Première pour la Grèce. Menés au score par une formation nigériane entreprenante, les joueurs d'Otto Rehhagel ont su parfaitement profiter de l'expulsion de Kaita (34e), pour s'imposer (1-2), ce jeudi, dans le groupe B de la Coupe du monde 2010, grâce à des réalisations de Salpingidis (44e) et Torosidis (71e). Le "Bateau pirate" revient à hauteur de la Corée du Sud, sèchement battue par l'Argentine un peu plus tôt dans la journée (4-1), et de son adversaire du jour africain. La qualification se jouera le 22 juin, à 16 heures.



Les Super Eagles se sont brûlés les ailes
La feuille de match annonçait une partie de ping-pong, où les Grecs allaient subir face aux Nigérians, pour mieux contre-attaquer. Le sorcier Otto Rehhagel avait prévu son coup, en ressortant sa formation fétiche, un 5-4-1 ultra défensif où Papastathopoulos est placé devant la défense. Du côté des Super Eagles, la donne était plus simple: attaquer et mettre des coups du butoir dans la défense hellène. Lars Lagerbäck, pour l'occasion, jouait la carte de l'attaque en titularisant d'entrée Peter Odemwingie et le colosse d'Everton, Aiyegbeni Yakubu. Une tactique qui s'est avérée presque payante...


Le Nigéria d'attaque

En dépit d'une composition très défensive, le schéma tactique des Grecs permettait de créer des décalages sur les côtés et d'envoyer ainsi dans la surface des centres pour Gekas, attaquant de l'Eintracht Francfort. Mais trop imprécis, ils ne trouvaient que trop rarement la cible. De son côté, le Nigeria essayait vainement de créer les décalages, mais son imprécision dans le jeu long (0 passe longue réussie sur 4 dans le premier quart d'heure) éradiquait toute offensive dangereuse. Et pourtant, les hommes de Lagerbäck parvenaient à ouvrir la marque sur une balle longue.
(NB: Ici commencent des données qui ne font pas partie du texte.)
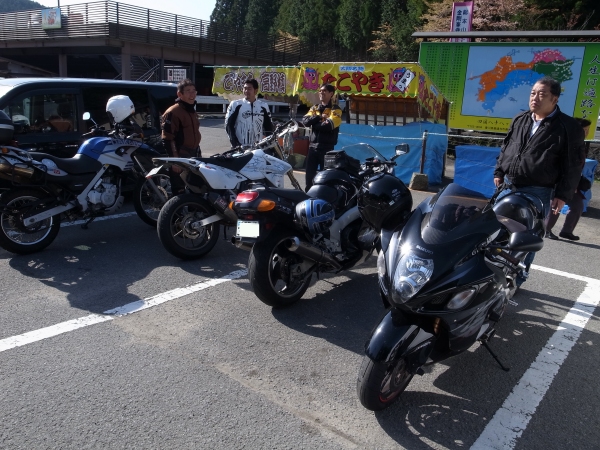 う〜ん、気持ち良い!!。バイクはやっぱり楽しいもんだ。 この天気につられてか、竜神スカイライン目指してバイクがどんどん上がっていく。彼らを追いかけて更に登っていきたいが、残念ながら私はここで折り返し。竜神スカイライン〜竜神温泉を目指して出発する4名を見送る。Rip氏によるとGW中和歌山県警が威信を掛けて大取締りをする、という情報があるらしい。お気をつけて。

Après une faute de Papastathopoulos, qui écopait au passage du premier carton jaune de la partie, Kalu Uche tentait sa chance des 30 mètres et trompait le portier hellène Tzorvas, grâce à l'aide volontaire de Peter Odemwingie, qui feintait de dévier le ballon de la tête (15e, 0-1). Malgré cinq joueurs à vocation purement défensive, le laxisme de l'arrière garde hellène permettait aux Nigérians de se relancer dans la course à la qualification.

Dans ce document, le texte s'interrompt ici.